TASK INSTRUCTIONS ->
Each line from the one containing "IHC image of" to the end of the entries below is to be set down exactly; the pictures are not.

DATA IN THIS EXERCISE ->

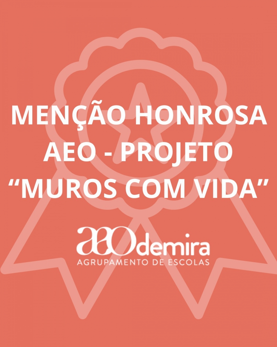 O AEO foi premiado com uma Menção Honrosa no projeto/desafio Eco-Escolas 2024/25: “Muros Com Vida” promovido pela ABAAE | Eco-Escolas. Os nossos parabéns, aos alunos e professores acompanhantes no desenvolvimento desta tarefa pela qualidade do trabalho apresentado! Podem consultar todos os premiados aqui. Aproveitamos para informar que a escola será convidada para estar presente no Dia Bandeiras Verdes Eco-Escolas, Galardão Eco-Escolas 2025 – para ser distinguida como premiada.
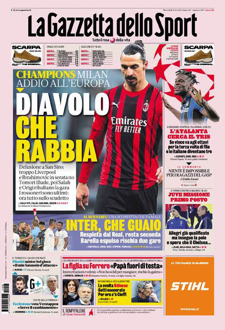 عنونت لا جازيتا في صفحة غلافها بالعنوان: "ميلان يسقط.. غضب الشيطان"، وذلك بعد خروج ميلان من دور المجموعات وفشل تأهله للدوري الأوروبي عقب الخسارة من ليفربول.
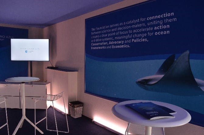 Stand de la Blue Azul Foundation: vitrine d’un financeur où des vidéos sur la préservation et la conservation de l’océan passent en boucle
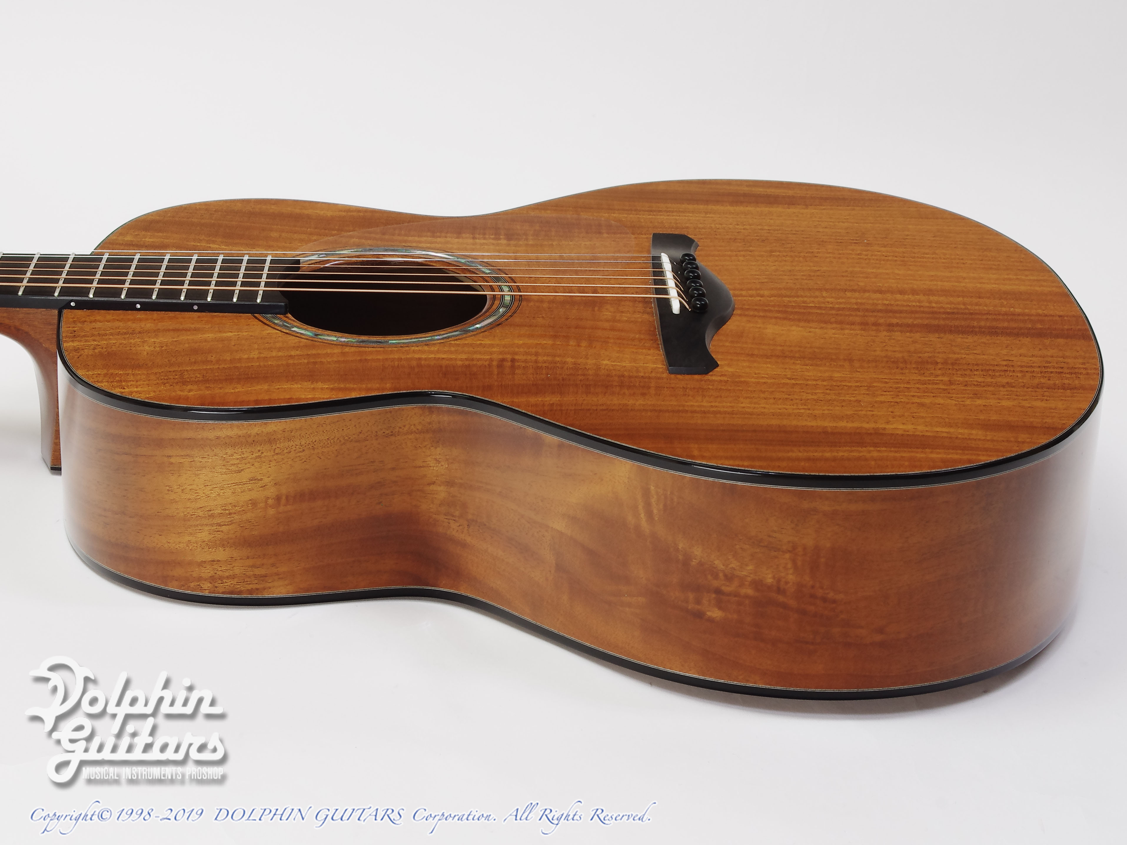 ホンジュラスマホガニーやアフリカンマホガニーとは明らかに異なる特徴を持つキューバンマホガニー。ローミッドの厚み、すっきりとした高音域が魅力的な個体です。ダブルオーサイズのコンパクトボディですが、ボリュームや一音一音の力強さを感じさせ、サイズ以上のサウンドを聴かせてくれます。これほど上質なサウンドのオールマホもなかなかお目にかかれないでしょう。
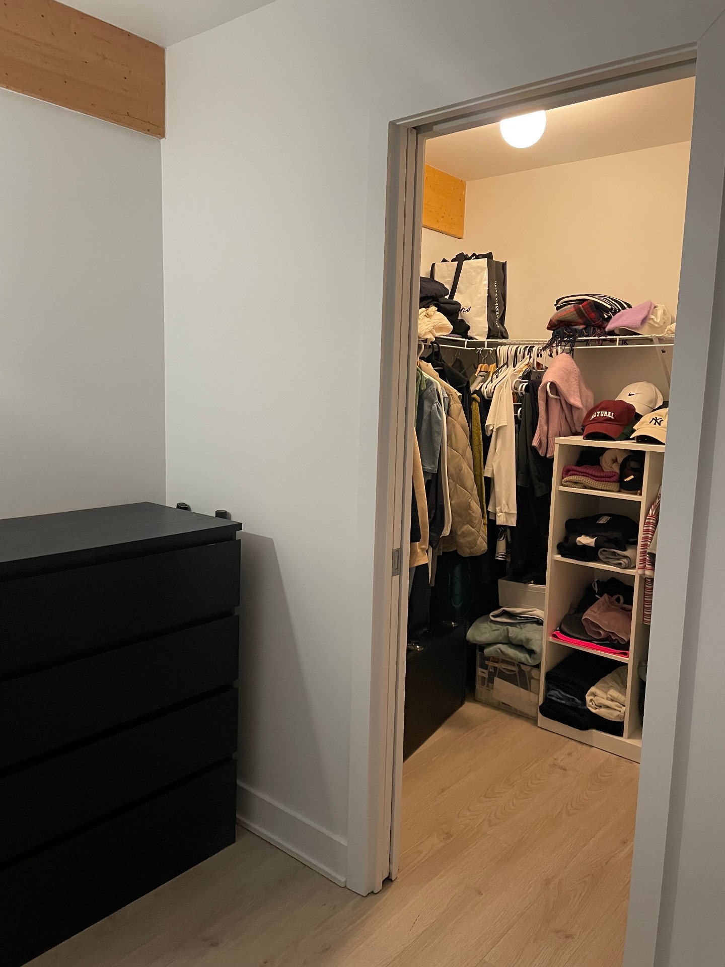 Lease transfer ending November 30th 2026. Bright and elegant condo in the heart of Griffintown! Beautiful 2-bedroom, 1-bathroom unit featuring 9-ft ceilings, cross-laminated wood beams, air conditioning, in-unit washer/dryer, and a private balcony. Located in the prestigious Arbora project, offering top-tier amenities: gym, garage, wine cellar, storage lockers, and bike parking. Just steps from the Lachine Canal, St-Ann Park, ETS, and Griffintown's best cafés, restaurants, and boutiques. Urban living at its finest!
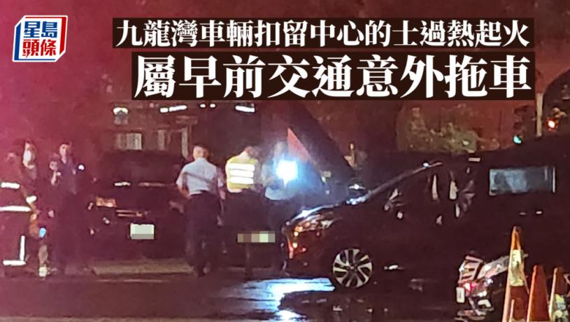 九龍灣發生火警。今日(25日)2時許,警方接獲一名的士司機報案,指常怡道23號九龍灣車輛扣留及驗車中心內,一輛因早前發生交通意外的的士,被拖至上址後,突然冒燒起火。消防人員趕抵現場,其後將火救熄。經初步調查,懷疑的士油喉過熱起火,事件中無人受傷,事件無可疑。
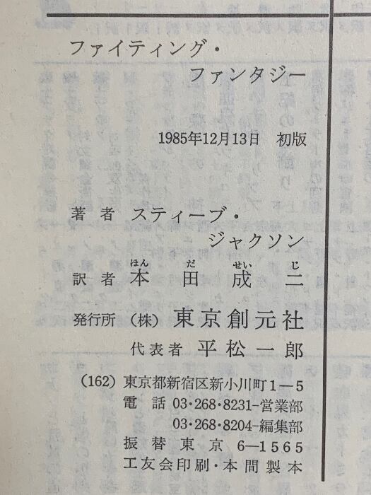 スーパーアドベンチャーゲーム ファイティング・ファンタジー 東京創元社 スティーブ・ジャクソン
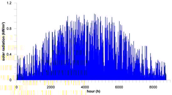 The optimization in designing a hybrid power generation systems in terms of solar cells is based upon reducing their numbers. The output of PV panels has to contain the impact of geographic location, for example, solar radiation, the season of the year, ambient temperature, the tiled surfaces, etc. The hourly solar radiation in the location under study shown in Figure 3. The output power of photovoltaic system is determined by Equation (3) [,,].
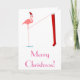 Önskemål "god jul för denna fånigjulkort!", till det mottagareare och särdrag den rosa silhouetten av en flamingo med mycket långt ben och röd en Santa hatt som hänger upp en mycket lång röd julstrumpa.
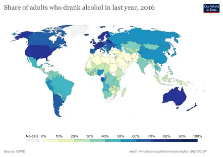 - ↑ "Global status report on alcohol and health 2014". World Health Organization. Archived from the original on 15 September 2017. Retrieved 24 July 2017. Archived 15 September 2017 at the Wayback Machine
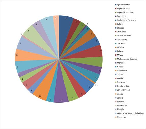 distribuciones de frecuencia respecto a los 31 estados y el Distrito Federal.
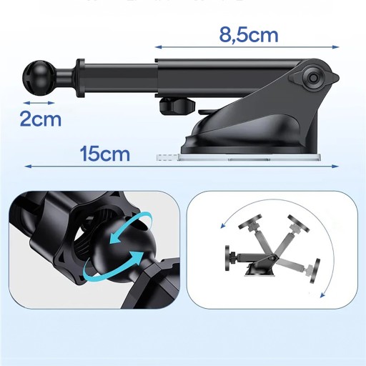 ⭐ Prosty montaż - Dzięki wytrzymałemu ramieniu i silnej przyssawce, łatwo i szybko zamontujesz uchwyt w wybranym miejscu! Bez potrzeby dodatkowych narzędzi! 🛠️
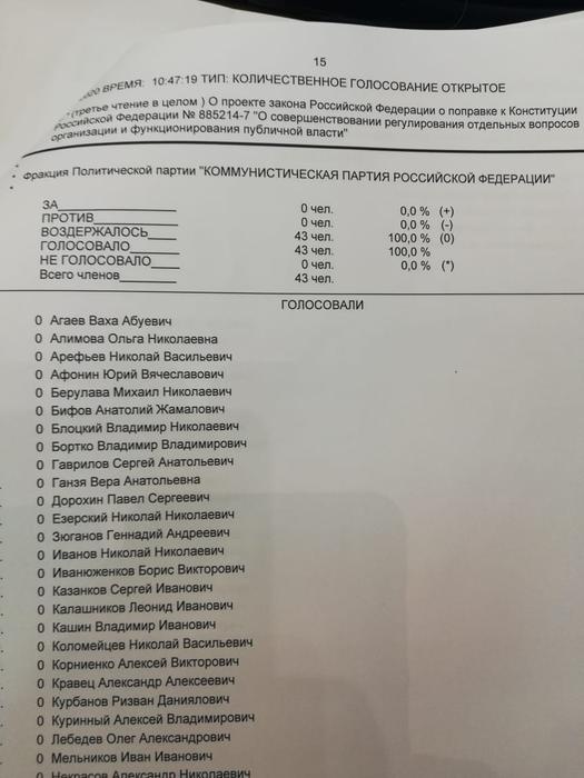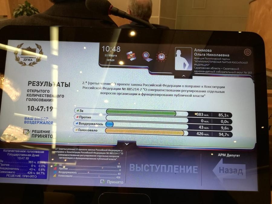Сегодня, 11 марта, в Госдуме было принято судьбоносное решение по принятию поправок номер один и два в Конституцию РФ. Единогласно их поддержали фракции ЕР, СР и ЛДПР. Депутаты-коммунисты не согласились поддерживать ряд поправок, связанных с продлением полномочий действующего президента, не принятием поправок КПРФ о выходе на пенсию в 60 лет – мужчин, в 55 лет – женщин, и ряд других, но в то же время частично была согласны с социальным блоком. Поэтому фракция КПРФ воздержалась в полном составе.
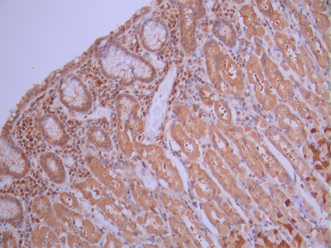 IHC image of CSB-RA148565A0HU diluted at 1:100 and staining in paraffin-embedded human stomach tissue performed on a Leica BondTM system. After dewaxing and hydration, antigen retrieval was mediated by high pressure in a citrate buffer (pH 6.0). Section was blocked with 10% normal goat serum 30min at RT. Then primary antibody (1% BSA) was incubated at 4°C overnight. The primary is detected by a Goat anti-rabbit polymer IgG labeled by HRP and visualized using 0.05% DAB.
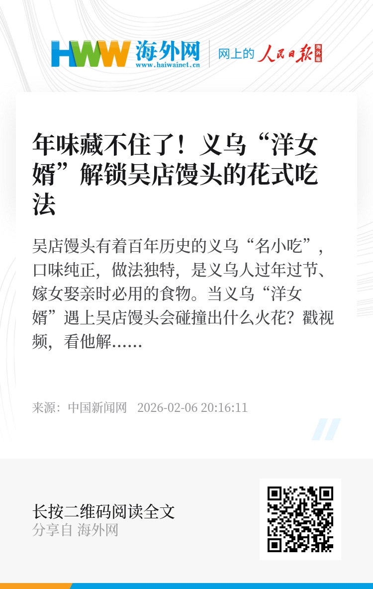 吴店馒头有着百年历史的义乌“名小吃”,口味纯正,做法独特,是义乌人过年过节、嫁女娶亲时必用的食物。当义乌“洋女婿”遇上吴店馒头会碰撞出什么火花?戳视频,看他解锁吴店馒头的花样吃法!

ANSWER FOR THE TASK ->
 IHC image of CSB-RA148565A0HU diluted at 1:100 and staining in paraffin-embedded human stomach tissue performed on a Leica BondTM system. After dewaxing and hydration, antigen retrieval was mediated by high pressure in a citrate buffer (pH 6.0). Section was blocked with 10% normal goat serum 30min at RT. Then primary antibody (1% BSA) was incubated at 4°C overnight. The primary is detected by a Goat anti-rabbit polymer IgG labeled by HRP and visualized using 0.05% DAB.
 吴店馒头有着百年历史的义乌“名小吃”,口味纯正,做法独特,是义乌人过年过节、嫁女娶亲时必用的食物。当义乌“洋女婿”遇上吴店馒头会碰撞出什么火花?戳视频,看他解锁吴店馒头的花样吃法!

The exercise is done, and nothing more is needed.